如果两个请求几乎同时到达,上述两个函数都将打印预期的输出 - 如您的问题中所述。

Hello
Hello
bye
bye

注意:当您第二次(第三次,依此类推)调用您的端点时,请记住从与浏览器主会话隔离的选项卡进行操作;否则,请求将显示为来自同一客户端(您可以使用 print(request.client) 检查 - 如果两个选项卡在同一个 window),因此,请求将按顺序处理。您可以重新加载相同的选项卡(就像 运行ning 一样),或者在隐身模式下打开一个新选项卡 window,或者使用另一个 browser/client 发送请求。

Async/await 和昂贵的 CPU-bound 操作(长计算任务)

如果您需要使用 async def(因为您可能需要 await 用于路由中的协同程序),但也有一些同步的长计算任务可能会阻塞服务器并且不会'让其他请求通过,例如:

@app.post("/ping")
async def ping(file: UploadFile = File(...)):
    print("Hello")
    try:
        contents = await file.read()
        res = some_long_computation_task(contents)  # this blocks other requests
    finally:
        await file.close()
    print("bye")
    return "pong"

然后:

  1. 使用更多 workers (e.g., uvicorn main:app --workers 4). Note: Each worker "has its own things, variables and memory". This means that global variables/objects, etc., won't be shared across the processes/workers. In this case, you should consider using a database storage, or Key-Value stores (Caches), as described here and 。此外,“如果您在代码中消耗大量内存,每个进程 将消耗等量的内存”.

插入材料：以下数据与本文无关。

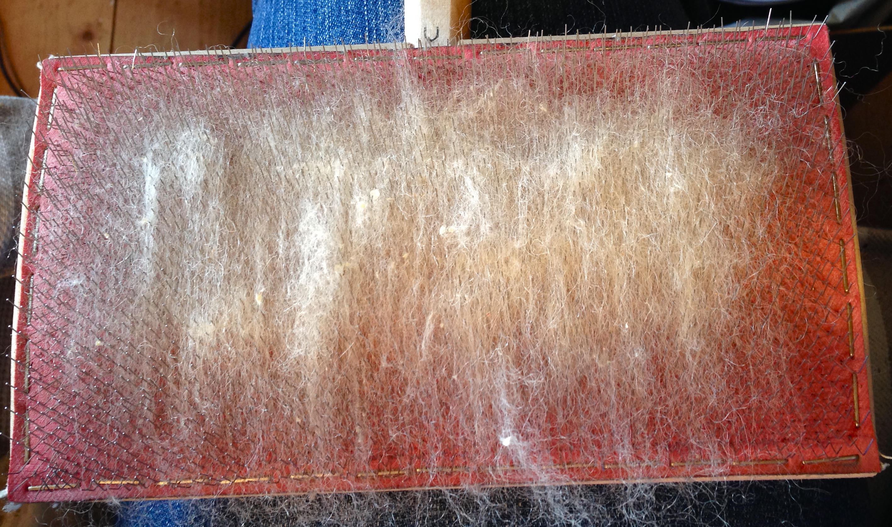 Now why on earth did I do that? The wool is short, and could easily have been carded into real rolags for soft woolen yarns. Because I almost destroyed the fleece when scouring! It felted, and carding was a pest. For several months I attempted thorough teasing by hand, flickring, beating, but nothing made me happy. So one day I took my Valkyrie combs designed for short, fine wool and made a test: it worked! I lost pretty much valuable fleece in the combing process, but on the other hand I saved some for really nice semi-woollen yarns.

  2. 使用 concurrency 模块中的 FastAPI (Starlette's) run_in_threadpool()(源代码 here and here) - as @tiangolo suggested here - which "will run the function in a separate thread to ensure that the main thread (where coroutines are run) does not get blocked" (see here). As described by @tiangolo here,“run_in_threadpool 是一个等待函数,第一个参数是一个普通的函数,下一个参数直接传递给那个函数。它支持序列参数和关键字参数。

    from fastapi.concurrency import run_in_threadpool
    res = await run_in_threadpool(some_long_computation_task, contents)
    
  3. 或者,使用 asynciorun_in_executor:

    loop = asyncio.get_running_loop()
    res = await loop.run_in_executor(None, lambda: some_long_computation_task(contents))
    
  4. 您还应该检查是否可以将路由定义更改为 def。例如,如果端点中唯一需要等待的方法是读取文件内容的方法(正如您在下面的评论部分中提到的),FastAPI 可以为您读取文件的 bytes(但是,这应该适用于小文件,因为整个内容将存储在内存中,请直接查看 here), or you could even call the read() method of the SpooledTemporaryFile 对象,这样您就不必等待 read() 方法 - 因为您现在可以声明您的使用 def 路由,每个请求将 运行 在单独的线程中。

    @app.post("/ping")
    def ping(file: UploadFile = File(...)):
        print("Hello")
        try:
            contents = file.file.read()
            res = some_long_computation_task(contents)
        finally:
            file.file.close()
        print("bye")
        return "pong"
    
  5. 查看 , as well as the documentation here,了解更多建议的解决方案。